Aoi se detuvo en seco.

—¿Que te orinaste?

—N-no... —Hibiki respiró hondo—. Cre-e... o que me g-gusto —miró hacia mí, roja como un semáforo en pleno ataque cardíaco—. Q-que me hablen así.

El Konbini se sumió en un silencio tan denso que incluso la máquina de café dejó de gimotear.

Ah. —Aoi cruzó los brazos, su sonrisa desapareció—. Entonces, eres una pervertida. Qué original.

—¡N-no es eso! —Hibiki agitó las manos—. Es solo que... cuando Hiroto-san me insultaba, mi corazón... —apretó su pecho—. Latió rápido. C-como si...

—Como si tuvieras una taquicardia. —interrumpí, arrojando las monedas al cajón—. Deberías ver a un cardiólogo, no a un cajero.

—¡N-no! —Hibiki se acercó, pisando el charco imaginario de su última visita—. C-como si estuviera viva.. fue... f-fue lindo.

Aoi me miró, esperando mi reacción. Cuando no di ninguna, resopló.

—Bueno, esto es patético incluso para mí —dijo, alejándose hacia el depósito—. Las cajas me llaman. O eso, o mi dignidad se está ahogando, como sea, me voy.

Hibiki y yo nos quedamos solos. Ella, sonriendo como si hubiéramos ganado un premio. Yo, preguntándome si el gerente me pagaría extra por esto.

—Hiroto-san... —Hibiki colocó su cuaderno en el mostrador. La portada decía Matemáticas para Tontos con un sticker de un perrito llorando—. ¿P-podrías... insultarme otra vez?

—No.

—¿P-por qué no?

—Porque soy un empleado, no un pedo de internet.

Hibiki parpadeó, confundida.

—¿P-pedo?

—No importa. —suspiré, limpiando una mancha de café que ya no tenido sentido después de tantos capítulos—. Solo vete a casa y deja de molestar.

—P-pero si no lo haces... —susurró, retorciendo su falda—. Entonces t-tendre... que b-buscar a otra persona. En internet... o en algún callejón. P-para que me grite cosas feas...

El marcador que sostenía se quebró entre mis dedos.

—Oye... ¿Acaso eres tonta de nacimiento o solo hablas sin pensar? —dije, más brusco de lo planeado—. Eso es peligroso.

—¿Te... te preocupas por mí? —Hibiki sonrió.

—Me preocupa que me terminen relacionando con un crimen. —señalé el lugar del incidente—. No quiero terminar en una estación de policía siendo interrogado.

Ella rio, un sonido agudo y nervioso que hizo que el cliente de turno (un otaku comprando Pocky y lubricante) nos mirara.

—¡Entonces... acepta!

—No.

—P-por favor... —susurró, acercándose hasta que su aliento a té verde rozó mi oreja—. Solo... solo necesito un poco.
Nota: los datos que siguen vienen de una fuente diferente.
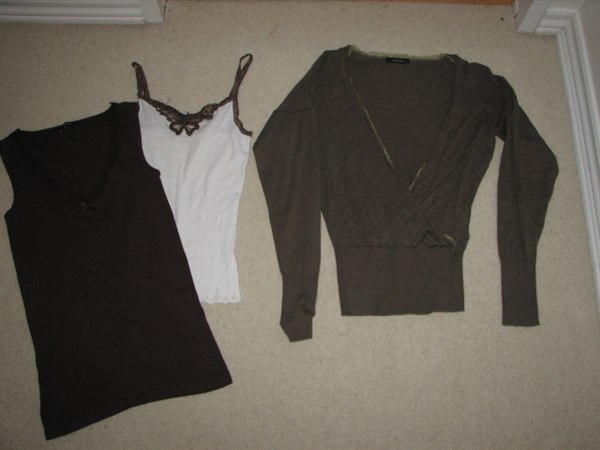 Standen på tøjet er nyt, næsten som nyt eller god men brugt. Og langt det meste er str M, ellers nogenlunde svarende dertil - bukserne hedder mest 29 og 30 i livet og ca. 32 i lænden - dog er der også trekvarte i mellem - der kan dog også forekomme en smule i S og L. Mærker er bl.a. diesel, Lipo lipo, Green house, vero moda, Signal, Esprit, Part two osv.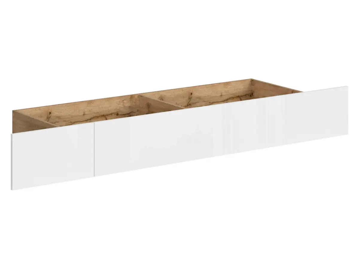 El frontal en blanco brillante efecto espejo sobre una estructura en roble Wotan crea una combinación elegante y versátil. Es el punto de partida perfecto para jugar con colores y texturas en cojines, alfombras y ropa de cama.

U-un insulto. Dos. T-tú lo haces... bien.

Me aparté, sintiendo una incomodidad que no puedo describir.

—Eres más molesta que una mosca.

Hibiki gimió, apoyándose en el mostrador.

—O-otro...

—No, ve aún psicólogo o un psiquiatra, estas mal.

—¡S-si! Así... con voz fría.

¿Qué mierda esta pasando?

—Esto es estúpido. —arqueé una ceja comenzando a perder la paciencia—. Eres más tonta que un onigiri de pollo frito.

Hibiki jadeó, agarrándose el pecho.

—¡S-sí! ¡Más!

—Oye, ¿Acaso eres idiota?.

—¡Esa palabra! —casi saltó de emoción—. Idiota. ¡Soy idiota!

Apreté los puños.

¿En serio?

—Mira, Hibiki. Eres... —busqué el insulto menos dañino—. Una molestia con patas. como un perro callejero que te ve mientras comes.

Ella dejó escapar un gemido, tan agudo que hasta las latas de café vibraron.

—¿Q-qué más?

—Ya terminé.

—¡P-por favor! —suplicó, derramando lágrimas que brillaban bajo la luz fluorescente—. ¡E-es la primera vez que me siento así!

Me quedé mirándola. Su sonrisa temblorosa. Sus lentes empañados. Sus manos aferradas al mostrador como si fuera un salvavidas.

—Eres... —respiré hondo—. La peor estudiante que he tenido. —le di un suave golpe en la frente con un dedo.

Hibiki soltó un chillido, cubriéndose la boca.

—¿Y-y... y tonta?

—No voy a...

—¡Dilo!

—Eres tonta —dije, sin convicción.

Hibiki se estremeció, apoyándose contra la máquina de bebidas.

—G-gracias... —susurró, como si le hubieran dado un regalo.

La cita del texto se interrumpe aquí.